Welcome to the official repository for our paper Usup2-Net (U Square Net), published in Pattern Recognition 2020. This innovative framework presents a deeper nested U-structure for salient object detection, paving the way for advancements in image processing. Interested in knowing more? Check out the full paper: Usup2-Net: Going Deeper with Nested U-Structure for Salient Object Detection.
Getting Started
To embark on your journey with our model, follow these user-friendly steps:
- Clone the repository: In your terminal, run:
- Download the Pre-trained Models: Retrieve the
u2net_portrait.pthmodel weights from Google Drive or Baidu Pan, then place it in the directory./saved_models/u2net_portrait. You may also want the weights foru2net_human_seg.pthfor human segmentation. - Run the Inference: Execute the following command to see the model in action:
git clone https://github.com/NathanUA/U-2-Net.git
python u2net_portrait_test.py
Understanding the Code: A Simple Analogy
Imagine you’re a chef trying to prepare a gourmet meal. The dish requires several key ingredients, each playing a significant role in enhancing flavors. In our code, each function serves as an ingredient, mixing together to create the final output of salient object detection. The sections where you clone the repository and download models are like gathering your ingredients. Running the inference stands as the moment you combine everything in the kitchen. Only when all the operations blend harmoniously do you produce the beautiful dish—your output image showcasing the salient object effectively detected by Usup2-Net.
Troubleshooting
Facing issues? Here are some troubleshooting tips:
- Ensure that Python and required libraries (numpy, scikit-image, etc.) are properly installed. You can create a virtual environment to manage dependencies better.
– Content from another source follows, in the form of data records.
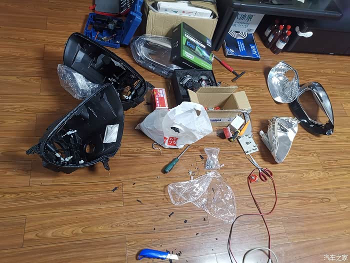 拆大灯,很简单,8颗螺丝,4个卡扣就下来了,注意保护灯角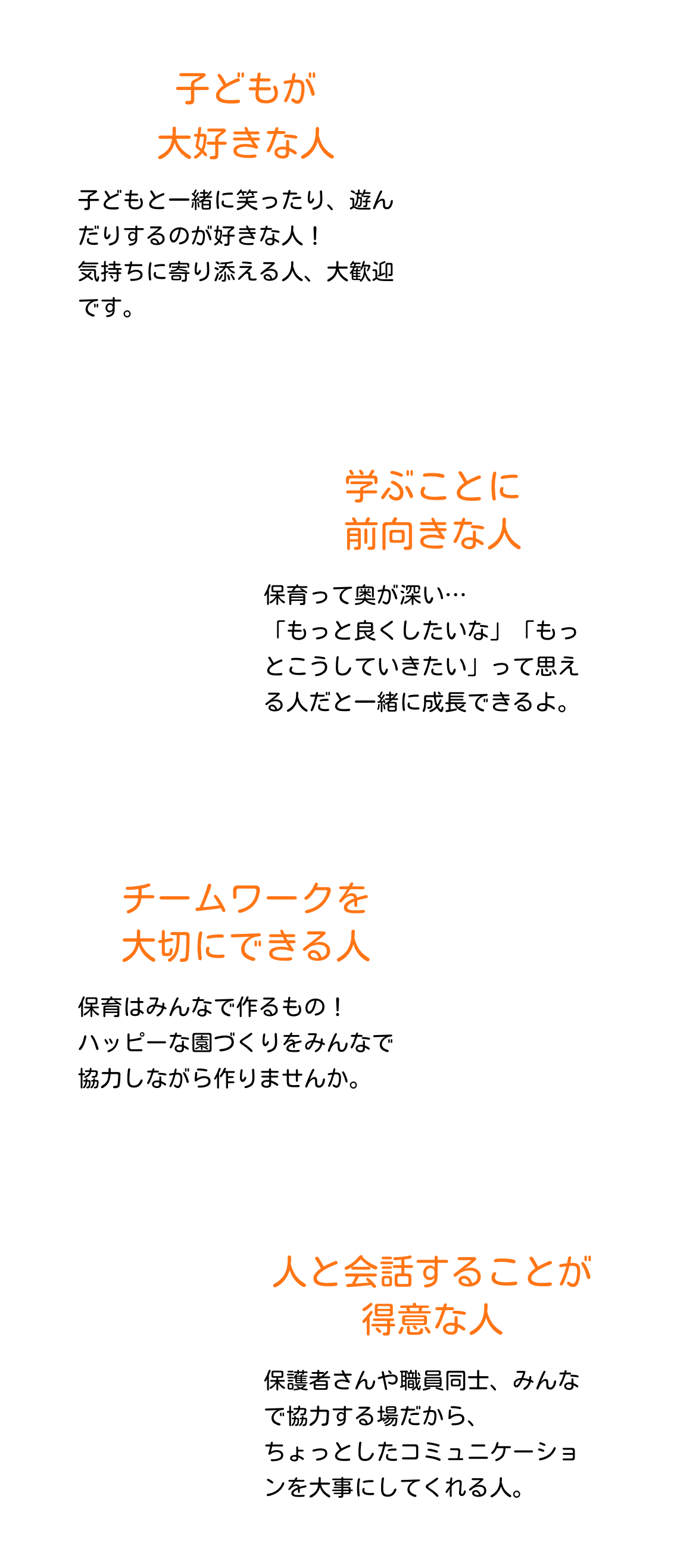 子どもの人数が多いからこそできる活動や行事があり、たくさんの子どもたちとの関わりが新しい発見や自分自身の成長にもつながっています。ぜひ、一緒に働きませんか。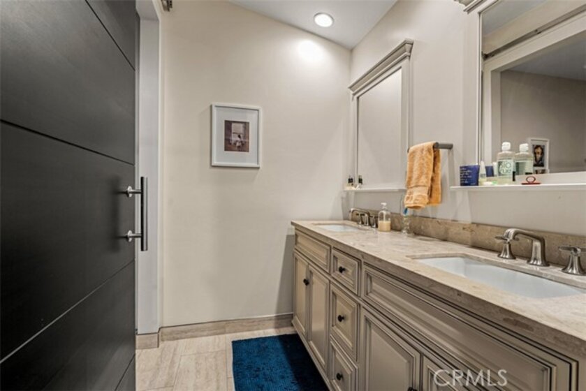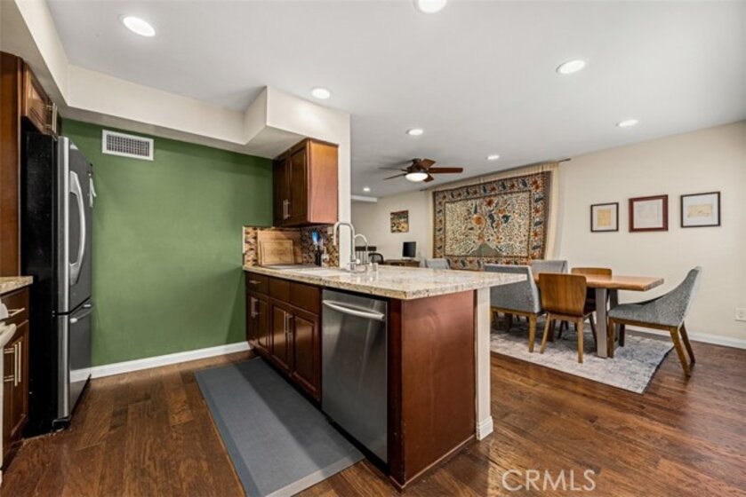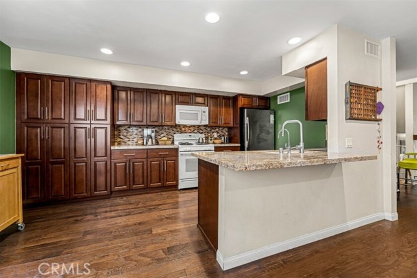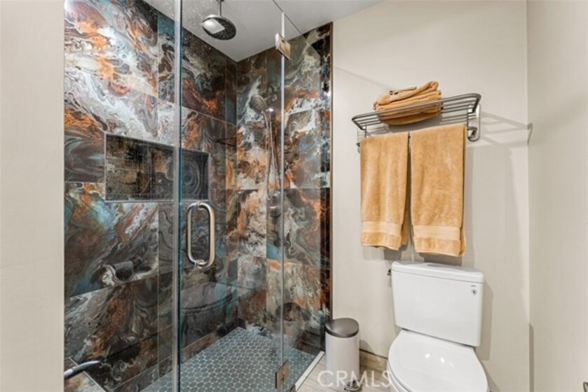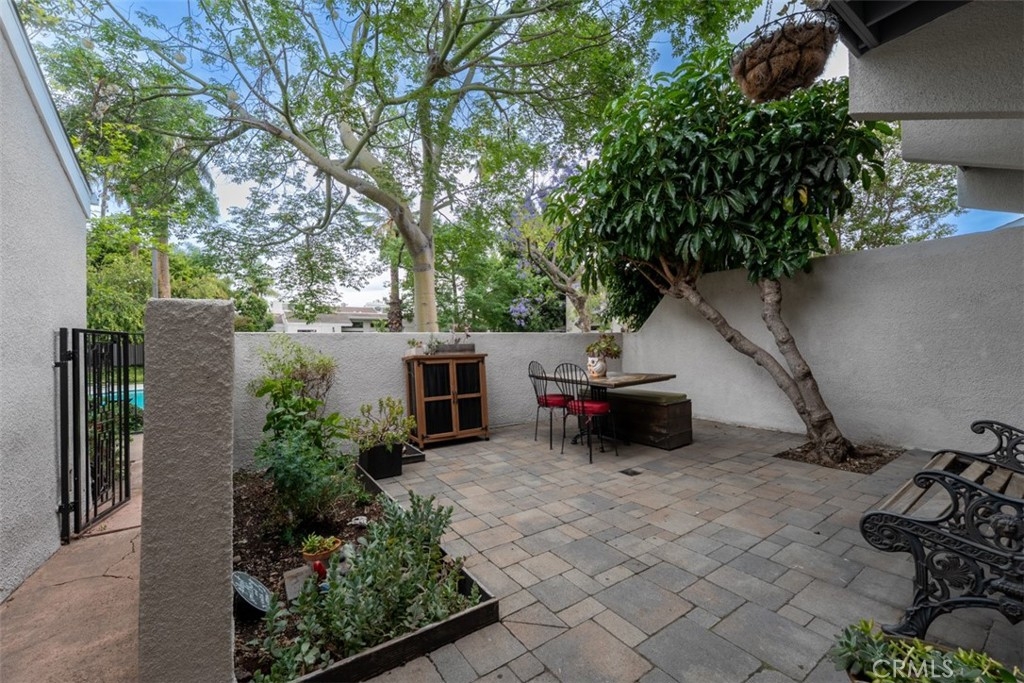 Welcome to the highly desirable Water Garden Community, where resort-style living meets everyday comfort. This pride-of-ownership tri-level home offers nearly 1,700 sq. ft. of well-designed living space with an open, functional layout. The bright interior is filled with natural light, featuring wide sliding doors and plantation shutters that connect multiple outdoor spaces and bring in both morning and afternoon sun—ideal for entertaining and everyday living. The main level showcases engineered hardwood flooring, custom baseboards, updated lighting, and a cast iron staircase railing. The kitchen and dining area include granite countertops, recessed lighting, a ceiling fan, and a newer stainless steel dishwasher. Upstairs, the primary suite features vaulted ceilings, a walk-in closet, private balcony, plantation shutters, and a modern ceiling fan. The fully remodeled bathroom offers a spa-like feel with a raised ceiling, custom tile and glass shower with dual showerheads, modern fixtures, Toto toilet, new flooring, and a custom barn door entry. Additional highlights include a private patio with pavers and garden area, newer HVAC with upgraded ductwork, updated water heater, and whole-home water softener with reverse osmosis. Located near the community pool, spa, and greenbelt, and just minutes from shopping, dining, CSUF, and downtown Fullerton—this is a great opportunity to own a well-maintained, upgraded home

- Check if you have placed the downloaded model weights in the correct directory with appropriate read permissions.
- If you’re experiencing unexpectedly poor segmentation, remember that the image quality and the conditions under which the image was captured play a critical role in the output. Clear backgrounds yield better results.
For more insights, updates, or to collaborate on AI development projects, stay connected with fxis.ai.
In Conclusion
At fxis.ai, we believe that such advancements are crucial for the future of AI, as they enable more comprehensive and effective solutions. Our team is continually exploring new methodologies to push the envelope in artificial intelligence, ensuring that our clients benefit from the latest technological innovations.
Future Updates
Stay tuned for more updates! We’ve been actively improving Usup2-Net with new functionalities and features. Make sure to watch for our official announcements.
Explore More
For any further inquiries, feel free to reach out to us via our contact information provided in the repository.